__Activity__
Starting with the line that has "Entré por el" and finishing with the line that has "本报昌都讯 (记者 李庆玲)", set down each line below exactly. Pictures are not copied.

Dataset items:

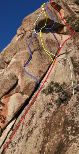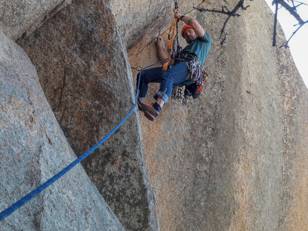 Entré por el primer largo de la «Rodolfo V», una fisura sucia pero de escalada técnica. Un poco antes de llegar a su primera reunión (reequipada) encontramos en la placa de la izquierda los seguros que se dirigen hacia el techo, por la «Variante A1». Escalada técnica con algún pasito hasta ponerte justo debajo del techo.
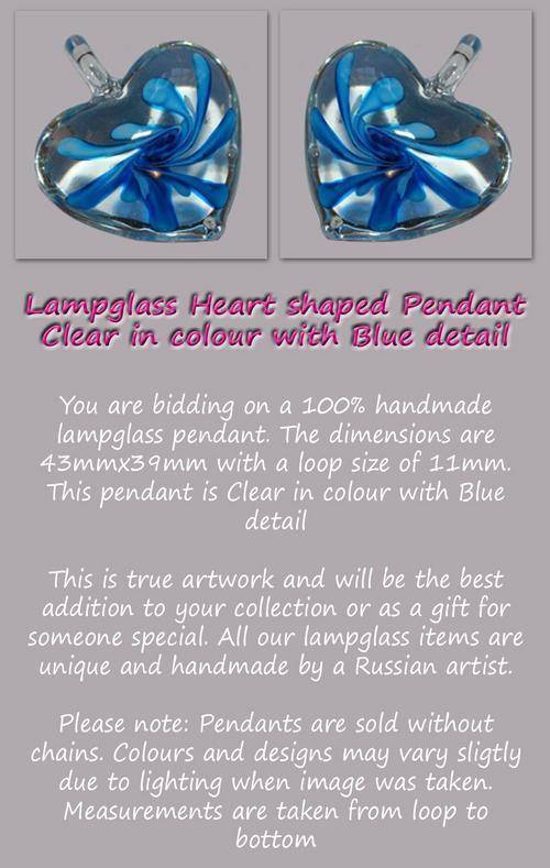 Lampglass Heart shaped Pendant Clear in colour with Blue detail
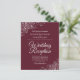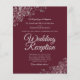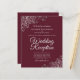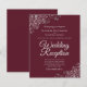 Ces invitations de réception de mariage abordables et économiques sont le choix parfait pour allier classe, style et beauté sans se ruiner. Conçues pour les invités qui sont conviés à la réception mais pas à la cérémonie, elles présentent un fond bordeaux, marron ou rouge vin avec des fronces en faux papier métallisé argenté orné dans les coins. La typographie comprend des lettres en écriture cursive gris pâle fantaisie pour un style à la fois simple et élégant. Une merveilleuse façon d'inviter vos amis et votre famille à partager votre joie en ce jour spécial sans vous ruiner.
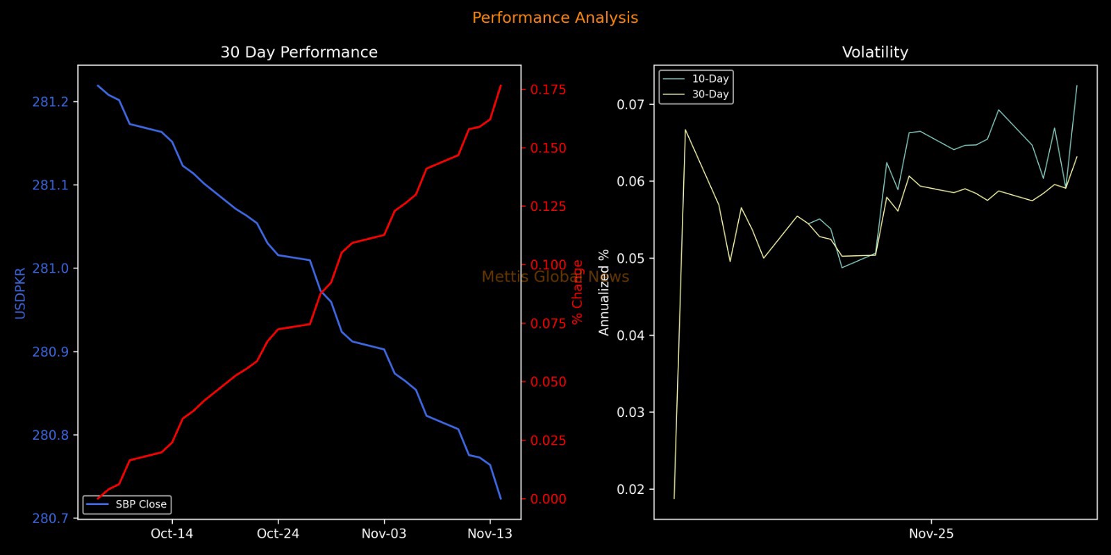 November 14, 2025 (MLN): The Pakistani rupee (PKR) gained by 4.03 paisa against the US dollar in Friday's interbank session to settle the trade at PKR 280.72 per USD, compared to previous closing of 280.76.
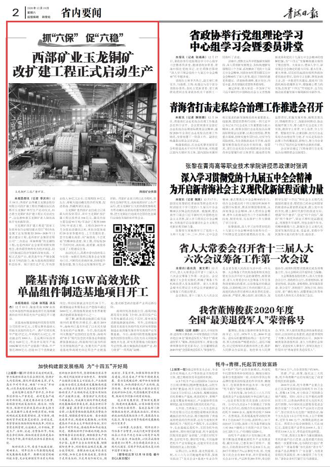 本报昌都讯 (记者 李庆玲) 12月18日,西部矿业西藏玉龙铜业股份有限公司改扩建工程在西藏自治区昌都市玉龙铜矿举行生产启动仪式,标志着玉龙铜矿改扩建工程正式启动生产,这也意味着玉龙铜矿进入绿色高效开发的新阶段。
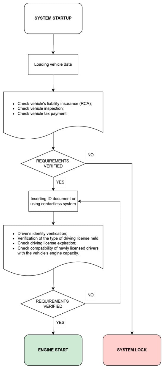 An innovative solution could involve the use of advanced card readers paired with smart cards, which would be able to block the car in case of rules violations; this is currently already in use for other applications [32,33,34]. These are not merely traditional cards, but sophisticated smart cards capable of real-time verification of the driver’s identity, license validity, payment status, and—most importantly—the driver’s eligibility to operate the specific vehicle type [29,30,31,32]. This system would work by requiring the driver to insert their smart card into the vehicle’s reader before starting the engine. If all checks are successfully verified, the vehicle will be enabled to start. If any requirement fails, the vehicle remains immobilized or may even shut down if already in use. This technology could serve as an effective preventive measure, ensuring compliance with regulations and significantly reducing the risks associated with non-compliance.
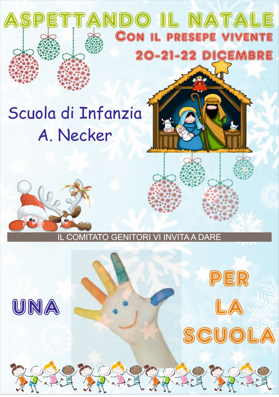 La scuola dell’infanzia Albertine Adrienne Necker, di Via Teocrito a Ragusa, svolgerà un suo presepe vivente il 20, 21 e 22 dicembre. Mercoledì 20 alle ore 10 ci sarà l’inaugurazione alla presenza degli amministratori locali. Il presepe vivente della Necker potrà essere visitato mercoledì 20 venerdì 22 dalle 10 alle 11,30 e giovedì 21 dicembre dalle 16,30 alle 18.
==
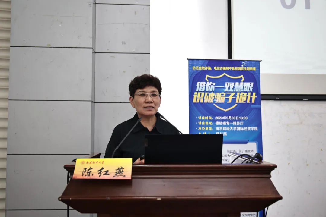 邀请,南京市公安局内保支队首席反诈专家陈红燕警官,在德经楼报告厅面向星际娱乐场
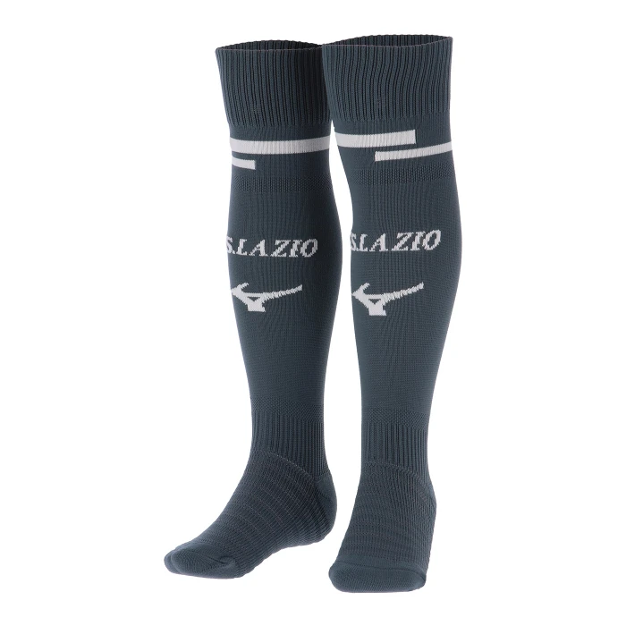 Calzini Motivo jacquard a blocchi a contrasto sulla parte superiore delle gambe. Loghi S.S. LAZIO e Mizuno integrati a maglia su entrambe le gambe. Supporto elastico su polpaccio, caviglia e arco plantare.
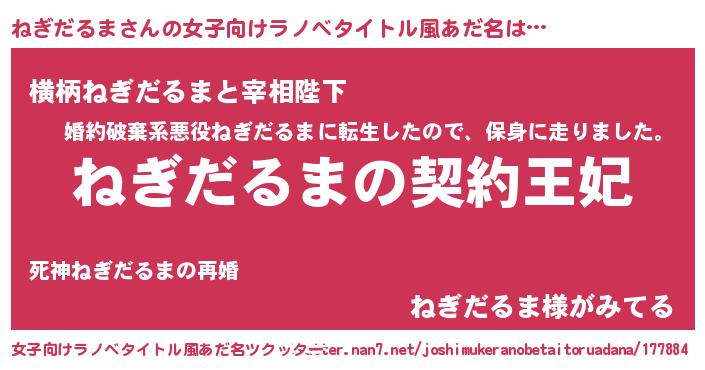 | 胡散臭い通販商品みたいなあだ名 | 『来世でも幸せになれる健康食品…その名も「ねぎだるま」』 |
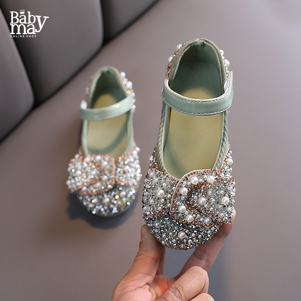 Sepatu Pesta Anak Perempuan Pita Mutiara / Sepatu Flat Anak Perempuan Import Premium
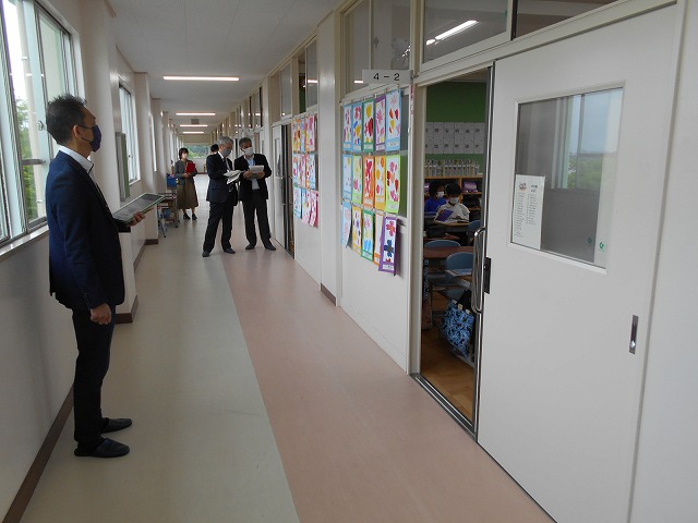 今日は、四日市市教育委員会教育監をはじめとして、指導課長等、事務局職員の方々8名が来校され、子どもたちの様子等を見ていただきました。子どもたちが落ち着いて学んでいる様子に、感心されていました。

__Your solution__
 Entré por el primer largo de la «Rodolfo V», una fisura sucia pero de escalada técnica. Un poco antes de llegar a su primera reunión (reequipada) encontramos en la placa de la izquierda los seguros que se dirigen hacia el techo, por la «Variante A1». Escalada técnica con algún pasito hasta ponerte justo debajo del techo.
 Lampglass Heart shaped Pendant Clear in colour with Blue detail
 Ces invitations de réception de mariage abordables et économiques sont le choix parfait pour allier classe, style et beauté sans se ruiner. Conçues pour les invités qui sont conviés à la réception mais pas à la cérémonie, elles présentent un fond bordeaux, marron ou rouge vin avec des fronces en faux papier métallisé argenté orné dans les coins. La typographie comprend des lettres en écriture cursive gris pâle fantaisie pour un style à la fois simple et élégant. Une merveilleuse façon d'inviter vos amis et votre famille à partager votre joie en ce jour spécial sans vous ruiner.
 November 14, 2025 (MLN): The Pakistani rupee (PKR) gained by 4.03 paisa against the US dollar in Friday's interbank session to settle the trade at PKR 280.72 per USD, compared to previous closing of 280.76.
 本报昌都讯 (记者 李庆玲) 12月18日,西部矿业西藏玉龙铜业股份有限公司改扩建工程在西藏自治区昌都市玉龙铜矿举行生产启动仪式,标志着玉龙铜矿改扩建工程正式启动生产,这也意味着玉龙铜矿进入绿色高效开发的新阶段。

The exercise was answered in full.